After my last post, I thought more about it, realizing that perhaps I did fail to achieve three important goals. I had promised four years ago that I would never lie again. I sincerely believed what I was saying as I made that promise.
Yet, since then, I lied to my wife by not telling her I was covertly smoking for several months. Also, since then, I lied to her by saying I did not click on an Internet link purporting to show “women you won’t believe exist” or something stupid like that. In the former case I had told myself it was not a threat to our marriage because it did not involve sexual malfeasance; an irrelevant excuse given that lying itself was a threat to our marriage. In the latter case, I told myself that I hadn’t “really clicked” the link because while the page was slowly loading on the screen (though I did see a few of the photos) I was able to close it and direct my attention to something healthier; also irrelevant because it overlooks the fact that I did not immediately tell my wife the whole truth.
How can I keep this promise and achieve this goal going forward? In the smoking example, I could have prevented that failure by imagining that my wife, boss, mother, or anyone else, was with me as I smoked. I also should have just nipped it in the bud right away by immediately calling or writing my wife as soon as the temptation first crossed my mind. The same strategy would have helped with the click-bait sin: imagine I am not alone, and call or write to report the temptation.
Second, I had promised that I would “do recovery work” forever. But, a couple months ago, after we moved to a new house and new job, I lazily started skipping “the work” and just moving on to other activities. Again, I had genuinely believed myself when I had promised to always “do the work.”

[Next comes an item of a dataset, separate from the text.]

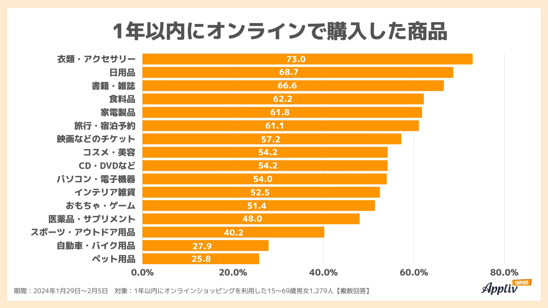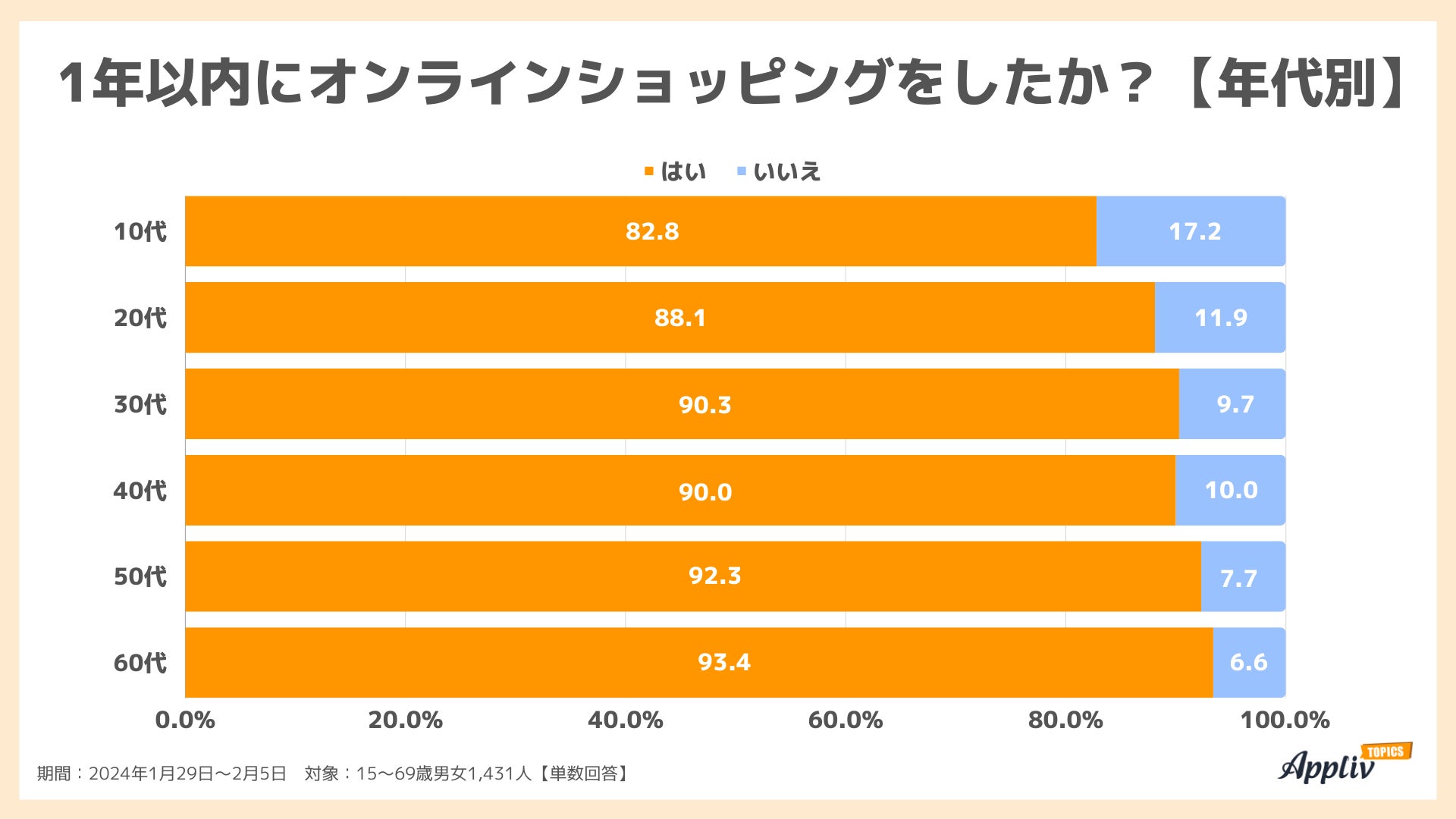 「Appliv TOPICS」は15~69歳男女1,431人を対象に、2024年1月29日~2月5日の期間で、オンラインショッピングに関するアンケートを実施しました。

How can I prevent this kind of failure in the future? What happened? At the time I was depending heavily on Recovery Nation as my means of doing “the work.” This created a vulnerability in my behavior. It required Internet access, and I did not have reliable internet access for several days during the move. That made it too easy to neglect my good habit of doing “the work.” So, perhaps the solution is that when moving or traveling I should plan ahead and have available some book or writing project that helps me do “the work” without the internet. I should try to anticipate my own lazy excuses and try to mitigate them.
Third, I had promised I would always regularly consult a mental health practitioner. Yet, I let too many weeks pass after our most recent move before finding a new therapist. I think I had convinced myself it would be too difficult to find a new therapist in our new location without help.
How could I have prevented this failing? Now that I know it is possible to consult a therapist via phone or computer, from anywhere in the world, I should be able to retain the same therapist for months or years. In addition, perhaps, if my current therapist ever becomes permanently unavailable, I should make the search for a replacement top priority. Top priority means it would be the first non-work endeavor I pursue each morning until it is completed. That certainly means it would come before compulsive tidying of the house, pleasure reading, or other optional projects.